Let $I_j \sse [m]$ be the set of variables queried by event $E_j$. Let $\BX$ be uniform over $\setco{x}{\AND_j E_j(x)}$. Then
- $\D\b{\BX} = \log \frac1{\Pr[\AND_j E_j]}$;
- $\BX_{I_j}$ can only take values in $\setco{x_{I_j}}{E_j(x)}$, so $\D\b{\BX_{I_j}} \le \log\frac1{\Pr[E_j]}$.

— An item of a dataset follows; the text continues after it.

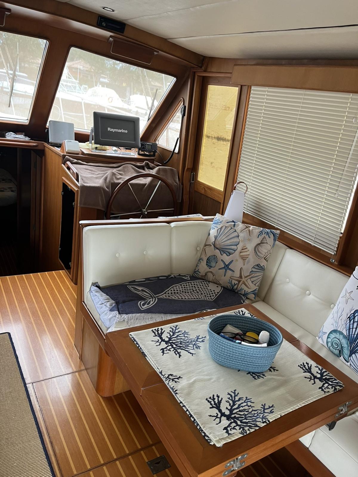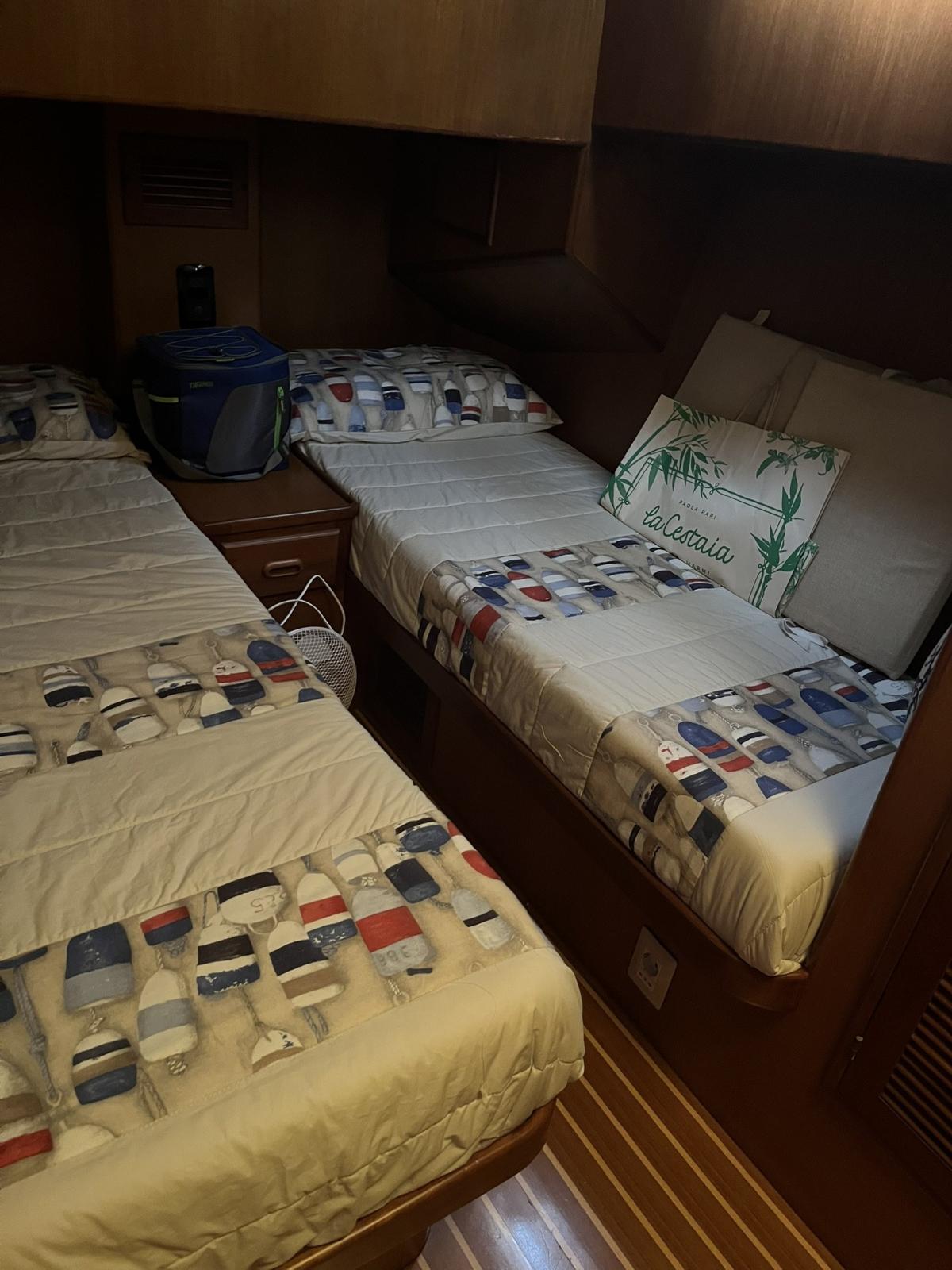 La barca e’ stata estensivamente refittata nel 2021 e scrupolosamente mantenuta fino ad oggi. I lavori principali sono stati: Impianto elettrico completamente rifatto con nuovi cavi, prese elettriche, caricabatterie Victron, staccabatterie, portafusibili, differenziali, isolatori galvanici, inverter Victron, sensori allarme, Digital Multi Control Victron e sistema di gestione combinato Victron 4 con schermo a colori in plancia e controllo da remoto.Nuove batterie servizi, motori e elica prua AGM 220 Victron . Installazione di 2 pannelli solari. Nuovo impianto VHF e antenna Istallazione di 2 antenne internet e modem wireless Aggiunto un GPS Raymarine E120 comprato usato Nuova autoclave Jabsco Nuovi rubinetti cucina, bagno e doccetta pozzetto Nuove luci di via Nuova pompa manuale sentina Nuovi tubi e centralina idraulica passerella Nuovi vetri fume’ laterali e porta dinette e porte laterali riverniciate. Rifatti molti dei pannelli di legno interni e ripristino colore cornici Riverniciati I gavoni Rifatti alcuni cielini Smontati e risigillati tutti gli oblo’ Cambiate tutte le lampadine con LED e nuovi faretti lettura cabine Nuovo nome barca in acciaio Parasoli laterali e posteriori in telo ombreggiante. Oscuranti estivi per vetrature laterali e frontali plancia. Nuove cuscinerie prendisole Nuovo winch tonneggio in pozzetto Nuovo piano cottura e microonde Nuovo serbatoio acqua prua Pulizia serbatoi gasolio Sostituzione prese a mare Revisione alternatore Nuove pompe ricircolo aria condizionata Lucidatura murate fatta ogni anno Pulizia scambiatori calore/intercooler e revisione pompe acqua mare Sostituzione elettrovalvole gasolio Nuove tubazioni scarico, elettrovalvola e pompa wc elettrico.

#to-write make the logic above clearer
Therefore, we get
\Pr\b{\AND_j E_j}
&= 2^{-\D\b{\BX}}\\
&\leq 2^{-\frac{\D\b{\BX_{I_1}}+\cdots +\D\b{\BX_{I_m}}}{q}}\\
&\leq \p{\Pr[E_1] \cdots \Pr[E_m]}^{1/q}\\
&\leq p^{m/q}.
Other applications
- Shearer’s lemma gives tight bounds on the number of independent sets in bipartite $n \times n$ $d$-regular graphs: $\le(2^{d+1}-1)^{n/d} \approx 2^{n+n/d}$, which is achieved by $n/d$ copies of $K_{d,d}$. The variable to look at is the indicator (in $\zo^{2n}$) of a uniformly random independent set.
Similar results
- Gavinsky, Lovett, Saks, and Srinivasan proved a read-$q$ variant of the Chernoff bound (which similarly worsens the bound from $m$ to $m/q$).
- The Local lemma is another result about a relaxed notion of independence. However,
- the assumption is stronger: the events are not allowed to share variables with too many other events, whereas Shearer’s lemma only assumes that each variable is queried few times;
- it’s a lower bound on $\Pr\b{\AND_j \comp{E_j}}$, not an upper bound on $\Pr\b{\AND_j E_j}$.